Las condiciones de descongelación adecuadas son bien conocidas en el
estado de la técnica. El tejido (fresco o crioconservado
descongelado) es después colocado en solución hipotónica, con vistas
a llevar a cabo la lisis celular. Entre las soluciones adecuadas se
incluye el agua o una solución que tenga una concentración de soluto
(por ejemplo, una sal como NaCl) de hasta 80 miliosmolar (por
ejemplo, una solución de NaCl 10-20 ó
20-40 mM). La lisis puede ser efectuada, por
ejemplo, a una temperatura comprendida en la banda que oscila entre
30 y 40ºC, preferiblemente 37ºC, de forma ventajosa en atmósfera con
un 5% de CO_{2}, por ejemplo, durante un período de entre
aproximadamente 4 y 24 horas. El tejido es después transferido a una
solución de nucleasa (por ejemplo, conteniendo DNAasa- y/o RNA asa)
y sometido a incubación, por ejemplo, a una temperatura comprendida
en la banda que oscila entre 30 y 40ºC, preferiblemente 37º, de
forma ventajosa en atmósfera con 5% de CO_{2}, por ejemplo durante
un período de tiempo comprendido entre aproximadamente 4 y 24 horas.

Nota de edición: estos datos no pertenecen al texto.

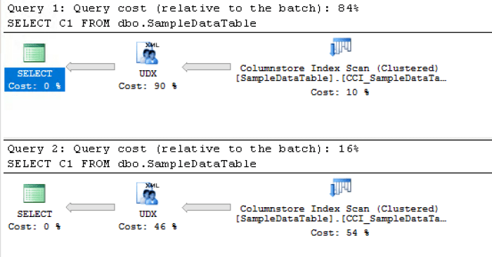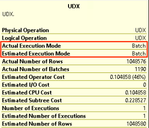Take a look at the details of each of the iterators, where the UDX in SQL Server 2016 is running in Row Execution Mode, and the UDX in SQL Server 2017 is running in Batch Execution Mode: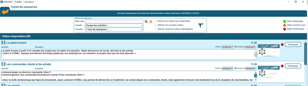 Le centre de ressource permet de télécharger les vidéos explicatives de Codial.

Subsiguientemente, el tejido es transferido a una solución que puede
mantener la integridad de la estructura del tejido, por ejemplo, una
solución fisiológicamente normal (isotónica), tal como un medio de
cultivo celular, por ejemplo DMEM. La lisis celular puede continuar
durante el mantenimiento del tejido en la solución fisiológicamente
normal y de esta forma el tejido puede ser extraído de las
soluciones lítica/nucleasa antes de que se haya logrado el 70% de la
descelularización.
Los tejidos que han sido descelularizados pueden
ser esterilizados terminalmente utilizando cualquiera de entre una
diversidad de esterilizadores. Por ejemplo, el tejido puede ser
sometido a irradiación gamma, óxido de etileno, ácido peracético,
\beta-propiolactona, yoduro de povidona, o
irradiación UV en presencia o ausencia de fotosensibilizadores. Las
condiciones adecuadas para llevar a cabo la esterilización terminal
son bien conocidas en el estado de la técnica.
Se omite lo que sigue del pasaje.